Benefits of USDA Home Loans
Although the conventional home has been very popular with home buyers for many years, there is another option for those who qualify. The USDA loan program offers many benefits that you should consider when deciding whether to buy a home with a USDA loan or a conventional mortgage.
- Low-cost mortgages: Interest rates on USDA loans are typically lower than those on conventional loans, making them an affordable option for most buyers. That means you can afford more homes for less money! Because the USDA program is designed to help low-income families, you would likely qualify for an interest rate of about 4 percent on a 30-year fixed-rate loan.

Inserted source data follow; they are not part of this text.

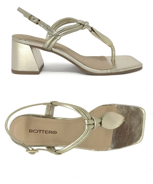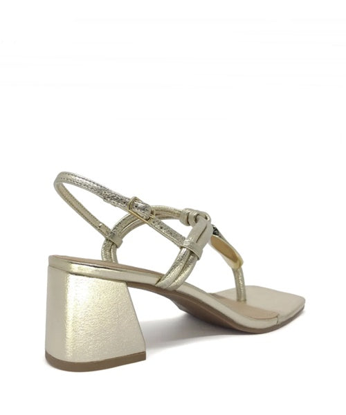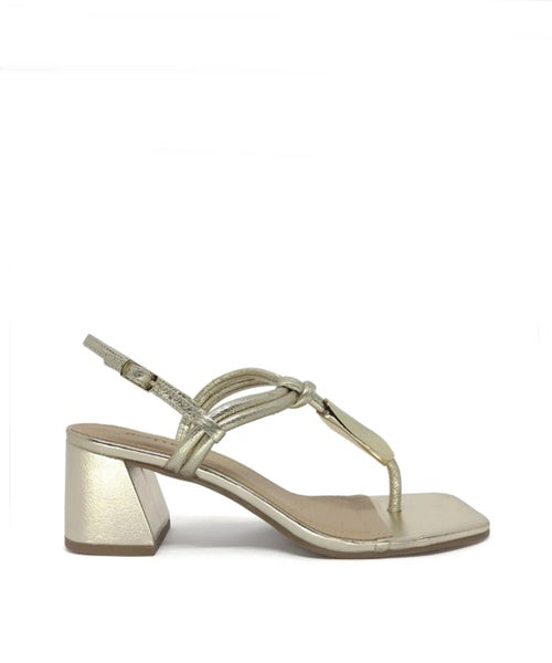 Sandália Salto Bloco Couro Metalizado Dourado -
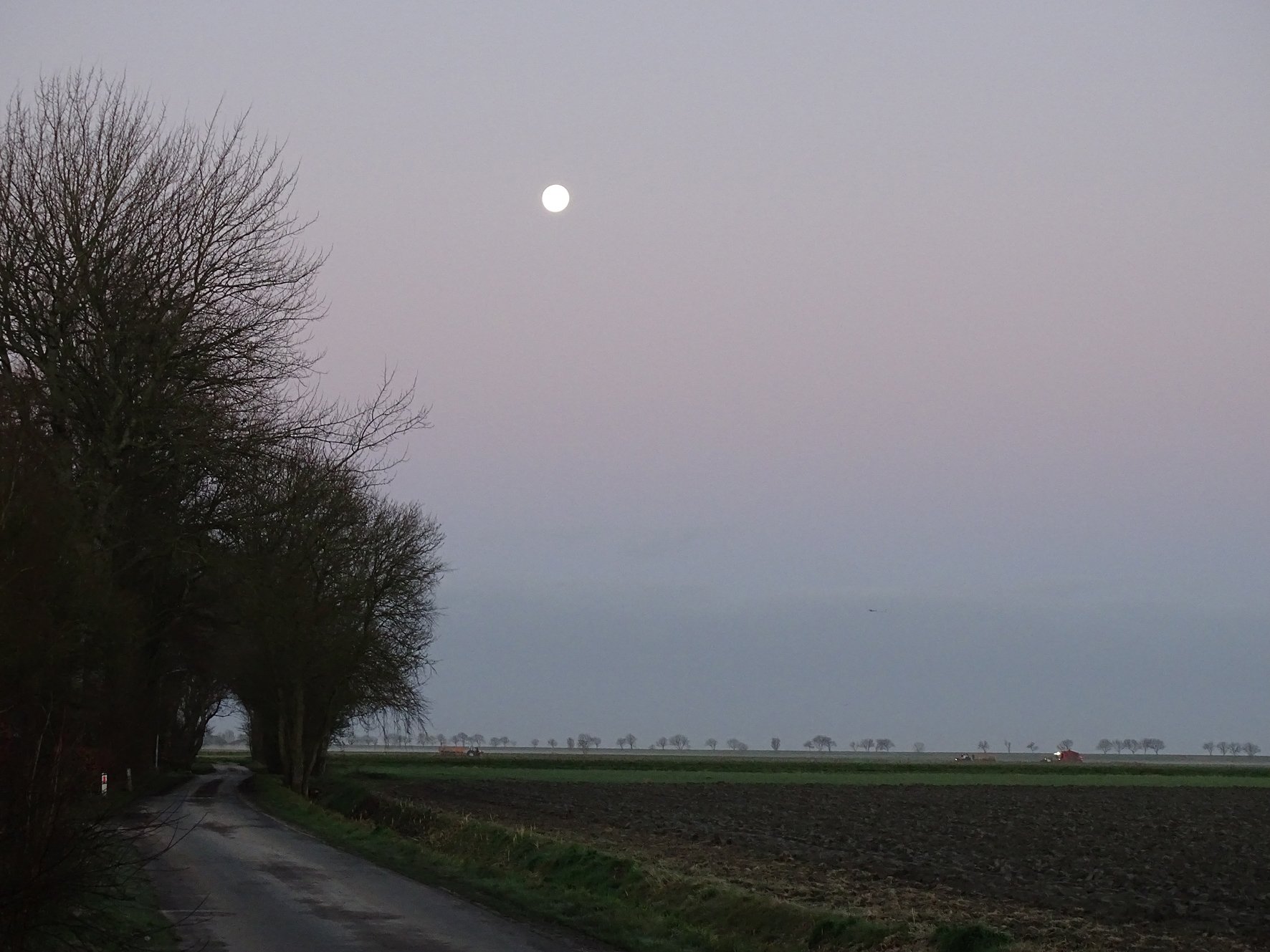 Je moet de maan juist bij schemering vastleggen en niet bij nacht. Dit hieronder is enige seconden eerder genomen, zonder telelens. M'n camera stond op het dak van de auto, die naast mijn huis is geparkeerd. Bij het inzoomen naar de maan wordt de lucht rondom vanzelf donkerder. Daarna op de computer beetje bijgewerkt.
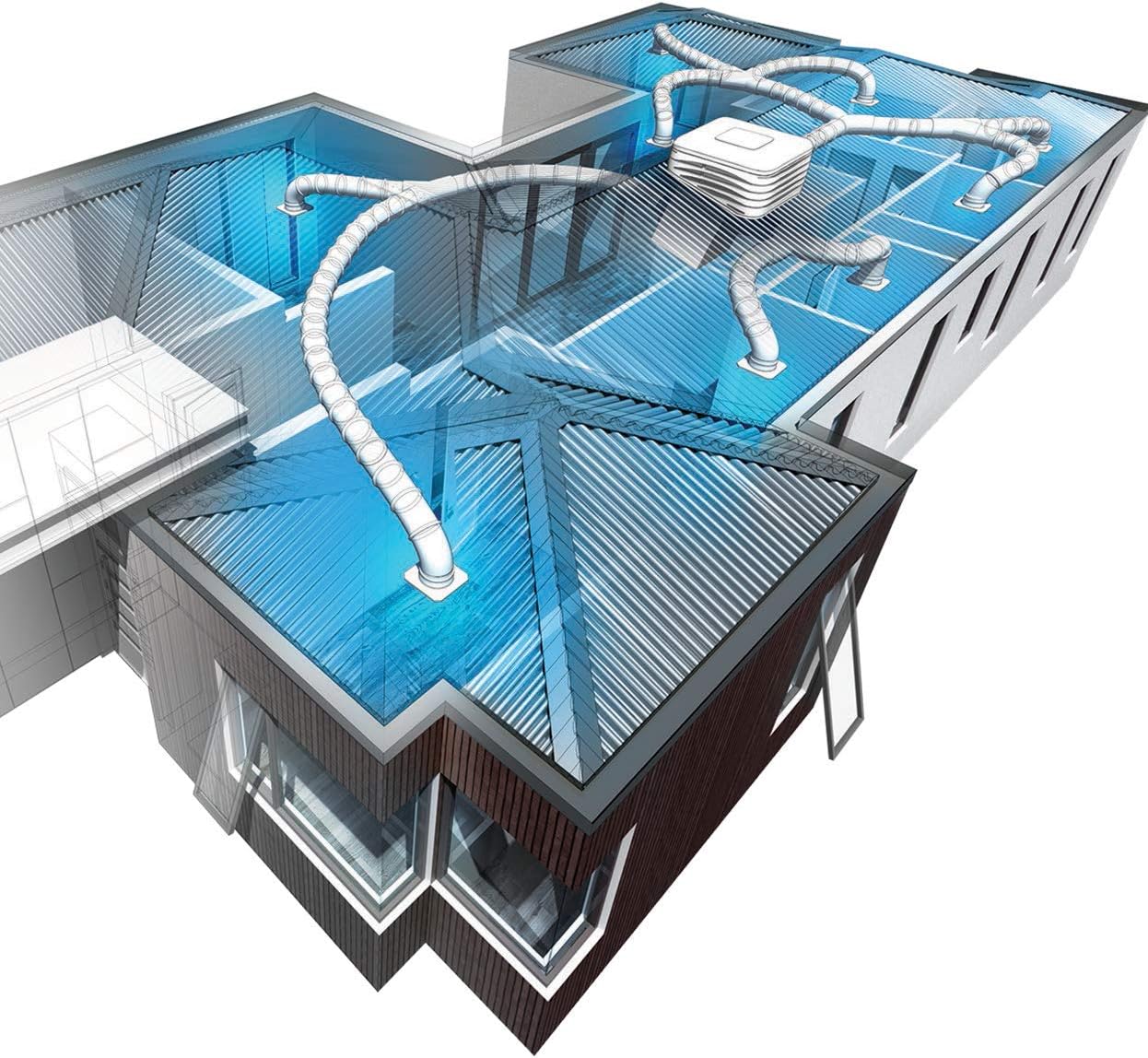 Refrigera áreas de hasta 100 m2. Para instalar sobre tejado y reparto de aire por conductos. Perfecto para viviendas y naves industriales.

- No down payment is required: You can purchase a home with as little as 0% down!
- No mortgage insurance requirement. Conventional mortgages require you to pay for private mortgage insurance (PMI), which adds hundreds of dollars each month to your home loan payments. With USDA mortgages, there is no mortgage insurance required at all!
- Competitive interest rates based on credit scores: The USDA loan program is one of the few government-backed mortgage programs available to borrowers with low credit scores. This is an excellent option for borrowers who have credit scores below 640.
- Flexible borrower qualifications: USDA loans are available to first-time homebuyers and repeat buyers.
Only a few lenders offer USDA mortgages, so you may be unable to choose the company you work with. This could be an issue if you’re looking for a mortgage broker who can help you shop around for the best interest rate on your loan.
The USDA Home Loan program is a great way to get a mortgage with lower rates and competitive fees. It’s perfect for people who qualify because they get access to competitive rates with no prepayment penalties.
The only downside is that there aren’t as many lenders offering these loans as other options like FHA or conventional mortgages. But if you’re looking for something different than what’s available on the market today—a fixed rate loan at an affordable price—then this could be a good choice for you!